James Kerr
- Full name: James Stuart Kerr
- Date of birth: 9 October 1975 (age 49)
- Place of birth: Sydney, Australia
- Height: 6 ft 4 in (193 cm)
- Weight: 205 lb (93 kg)
- School: Newington College Gisborne Boys' High School
- Occupation(s): School teacher

Rugby union career
- Position(s): Centre / Wing

Super Rugby
- Years: Team / Apps / (Points)
- 1996: Blues / 4 / (5)
- 1997–99: Crusaders / 26 / (30)
- 2000: Chiefs / 2 / (0)

International career
- Years: Team / Apps / (Points)
- 1995–96: New Zealand Colts / 8 / (50)
- 1997: New Zealand "A" / 1 / (0)

= James Kerr (rugby union) =

James Stuart Kerr (born 9 October 1975) is a New Zealand former professional rugby union player.

Born in Sydney, Kerr underwent his early schooling at Newington College, before moving to New Zealand and attending Gisborne Boys' High School, from where he gained New Zealand Schools representative selection.

Kerr earned NZ Colt, NZ Universities, NZ Maori and NZ "A" honours during his career.

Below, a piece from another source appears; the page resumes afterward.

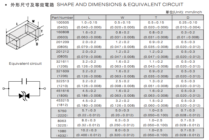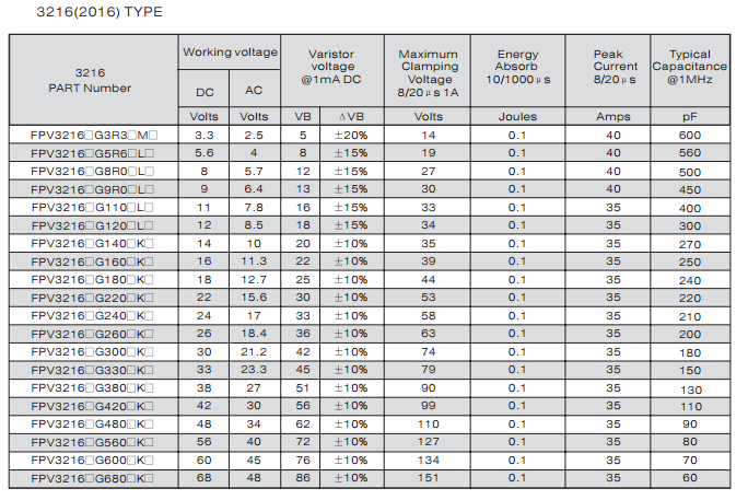 特征: 1、疊層片式陶瓷結(jié)構(gòu)。 2、無引線。 3、溫度范圍:-55℃~+125 ℃。 4、工作電壓范圍V w(dc)=3.3~ 615V。 5、具有雙向限制特性,適合ESD保護(hù)。 6、漏電流非常小。 7、寄生電感小、響應(yīng)速度快(響應(yīng)時(shí)間少于0.5ns)。 8、優(yōu)良的溫度系數(shù)。 9、良好的焊接性能(端電極為三層電鍍)。 應(yīng)用: 1、防止過電壓:當(dāng)施加的電壓升高到壓敏電壓時(shí),壓敏電阻器的電流急劇上升,被保護(hù)設(shè)備的浪涌電壓迅速減小,從而使裝有壓敏電阻器的設(shè)備抗浪涌噪聲能力達(dá)到相應(yīng)要求。壓敏

A three-quarter, Kerr scored the winning try for the Crusaders in the 1998 Super 12 final against the Blues. The 80th-minute try broke a 13–13 deadlock and came through an Andrew Mehrtens chip kick, juggled over the try line between Blues Ofisa Tonu'u and Adrian Cashmore, with Kerr gathering the loose ball to score. He had previously played Super 12 rugby for the Blues and later spent a season with the Chiefs.

Kerr is now a schoolteacher in the Bay of Plenty.